§ Data listing:
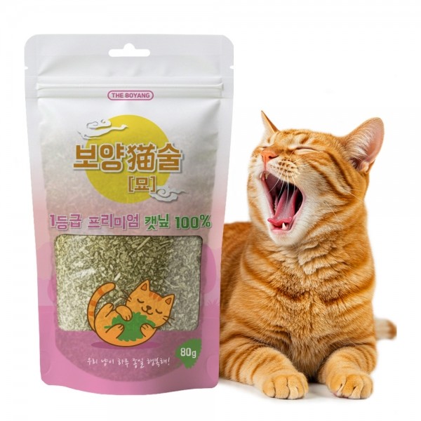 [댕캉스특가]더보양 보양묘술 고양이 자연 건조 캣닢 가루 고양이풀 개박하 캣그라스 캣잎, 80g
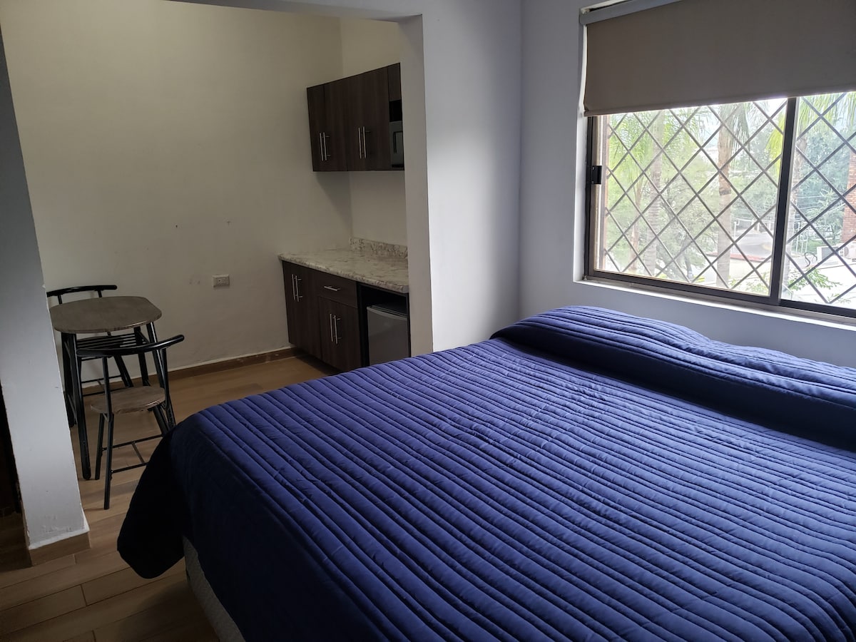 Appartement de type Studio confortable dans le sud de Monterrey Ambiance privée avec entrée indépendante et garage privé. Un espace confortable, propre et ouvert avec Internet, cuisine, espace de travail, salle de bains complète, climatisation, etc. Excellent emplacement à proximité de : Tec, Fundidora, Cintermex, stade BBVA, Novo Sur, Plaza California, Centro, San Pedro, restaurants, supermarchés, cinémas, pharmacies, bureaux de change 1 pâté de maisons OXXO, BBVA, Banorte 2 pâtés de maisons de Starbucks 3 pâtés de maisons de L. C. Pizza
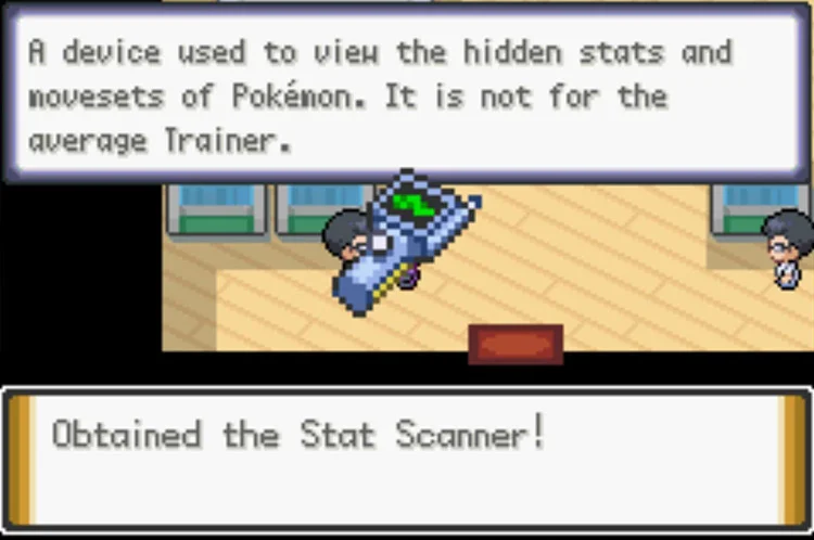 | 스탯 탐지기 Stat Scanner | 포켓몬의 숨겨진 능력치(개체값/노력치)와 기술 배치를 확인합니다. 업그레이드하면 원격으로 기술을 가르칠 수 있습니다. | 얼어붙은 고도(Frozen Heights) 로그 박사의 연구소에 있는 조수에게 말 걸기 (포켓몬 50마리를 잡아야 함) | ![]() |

---

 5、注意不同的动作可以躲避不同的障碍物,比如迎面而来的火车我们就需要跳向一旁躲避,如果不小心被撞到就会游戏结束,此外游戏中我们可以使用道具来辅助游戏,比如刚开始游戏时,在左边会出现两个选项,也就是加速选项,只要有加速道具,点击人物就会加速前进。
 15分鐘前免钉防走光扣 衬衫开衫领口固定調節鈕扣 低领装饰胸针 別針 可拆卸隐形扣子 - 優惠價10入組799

§ Work order: Copy out the range of lines above starting at the line with "5、注意不同的动作可以躲避不" and ending at the line with "15分鐘前免钉防走光扣 衬衫开衫领口固定調節鈕扣 低领装饰胸针", exactly and including both.

§ Output for this exercise:
 5、注意不同的动作可以躲避不同的障碍物,比如迎面而来的火车我们就需要跳向一旁躲避,如果不小心被撞到就会游戏结束,此外游戏中我们可以使用道具来辅助游戏,比如刚开始游戏时,在左边会出现两个选项,也就是加速选项,只要有加速道具,点击人物就会加速前进。
 15分鐘前免钉防走光扣 衬衫开衫领口固定調節鈕扣 低领装饰胸针 別針 可拆卸隐形扣子 - 優惠價10入組799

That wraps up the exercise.